The piece starts with the beautiful and erratic koto and the 808 bass. This is the “grandmother,” the matriarch of generational trauma, but this is not about either of my real grandmothers. This is a representation of a grandmother, a source of sadness felt by the “mother.” I was playing Debussy and had leftover muscle memory in my hands and sound memory in my head, which suggests that the koto melody is residues of Orientalism reimagined. I don’t know how to play the koto and so this melody may never work on a real koto. The melancholy section with the piano and the violin is the mother, my real mother dimensionalized, the sadness she holds but never expresses, the wheezing wisps of the violin she experiences when she feels like she can’t breathe, EKG machine beeps and conversations and ambient noises I recorded at the SF General that day when I took her to the emergency room. I bring back the grandmother’s koto exactly as it was in the beginning and pair it with the resolving and steady flute, the imaginary “daughter.” The mother’s piano comes back in similar patterns as before but is more bold, more confident, supported by the daughter’s flute. The grandmother’s 808 bass comes back but this time it’s not threatening, even her high koto plucks are shimmering and attentive, watchful. And together they weave a cohesive unit, as an interpretation of resolving generational trauma.
It has been interesting playing this piece in the academic context, in Asian American Studies. By “interesting” I mean that I’m troubled because this piece seems to appeal to the AAS audience because it “sounds” appropriate for AAS, which means it sounds “Asian.” And here I find myself contemplating on self-orientalization and cultural essentialism within the field of Asian American Studies. Because I took from Debussy, because I used the koto, which I don’t know how to play. And because this piece goes over well in the AAS context I feel bad when I play pieces that don’t have elements of Asian essentialism, that I’m not catering to the crowd.

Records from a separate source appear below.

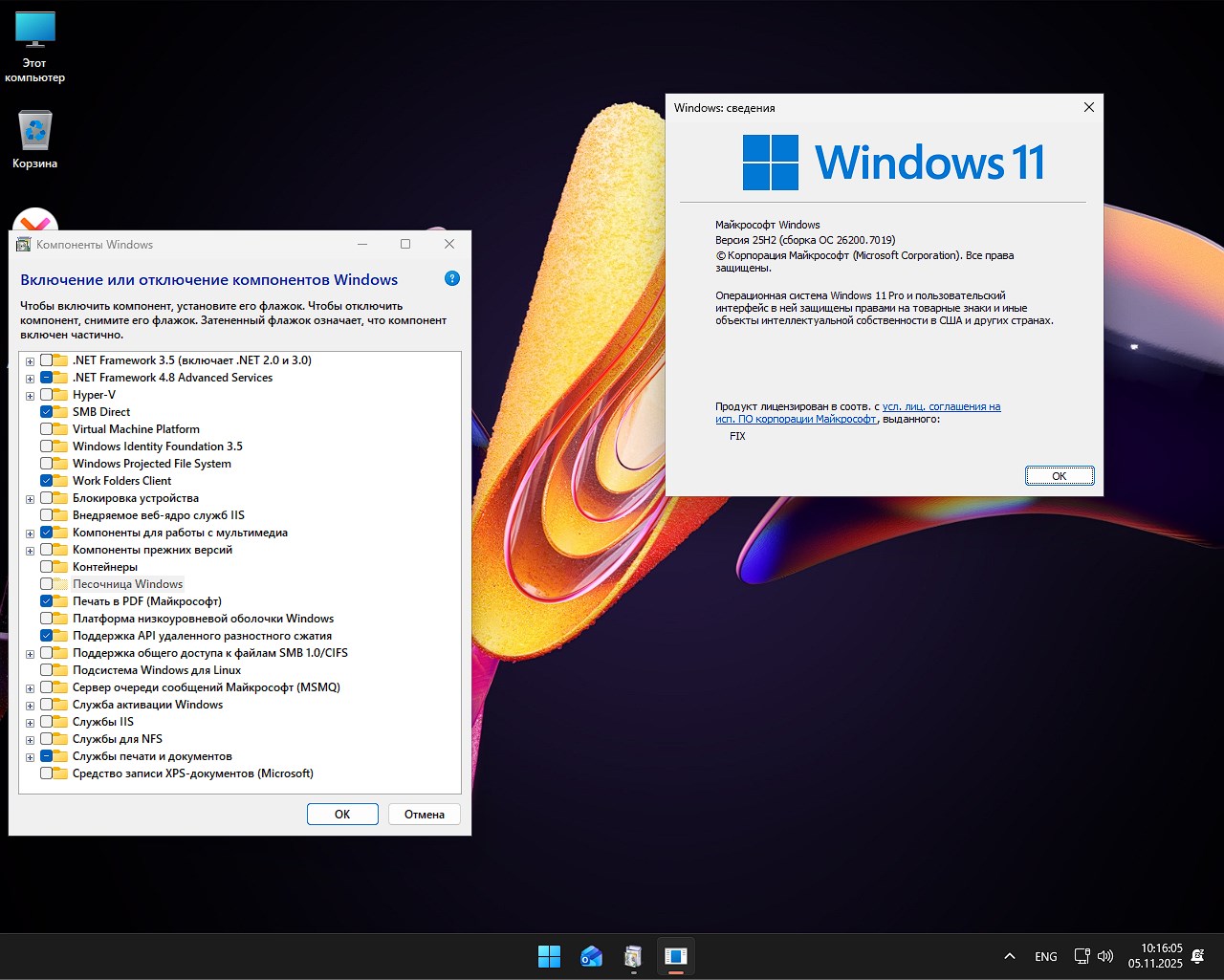 Скачать Windows 11 25H2 x64 без защитника с активацией — Pro 26200.7019 Ru En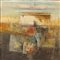 FIRMA ILLEGGIBILE, "Paesaggio", anni '90, tecnica mista su tavola, 80x80x1 cm, 5 kg. Al fronte: firma in basso al centro. Opera con certificato di provenienza della Daliano Ribani Arte. Opera senza cornice.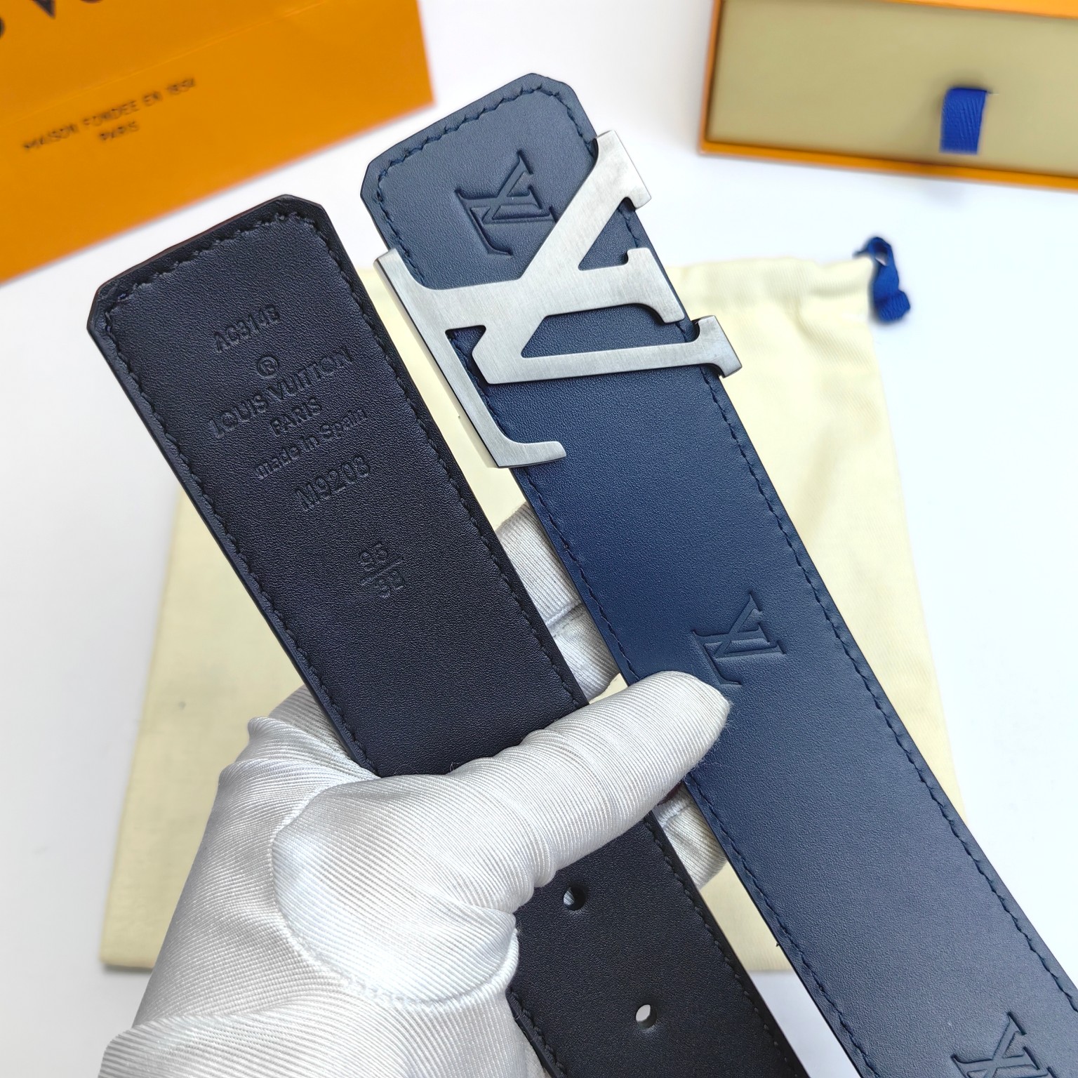 这款皮带是AAAAA 1:1 质量 (非常棒). 使用了和原版一模一样的材料. 商标部分也保持了和路易威登/Louis Vuitton一样. 图片拍摄是实物皮带拍摄, 您所收到的实物保证和我们图片一模一样.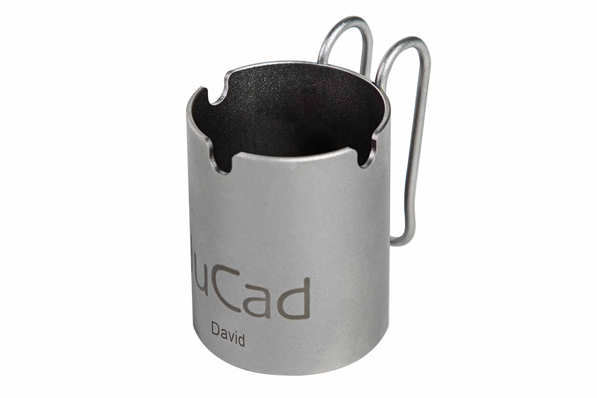 Der JuCad Aschenbecher wird aus Titan handgefertigt und einfach an das Golfbag gesteckt. Inklusive gratis Namensgravur.

I also feel at odds with myself when people in the AAS community compare my work to those by activists/musicians specifically written with a political motive. I make music as a daily practice from my most tender and vulnerable places and I share it with the closest people in my life, which includes my academic community. I think that my off-kilter Japanese Americanness, not being a part of the narrative of incarceration camps and model minority Nisei soldiers, plays part in my discomfort, my lack of place, the lack of place for my music, within a community of people who come together to celebrate a shared history, a shared narrative, of which I don’t belong.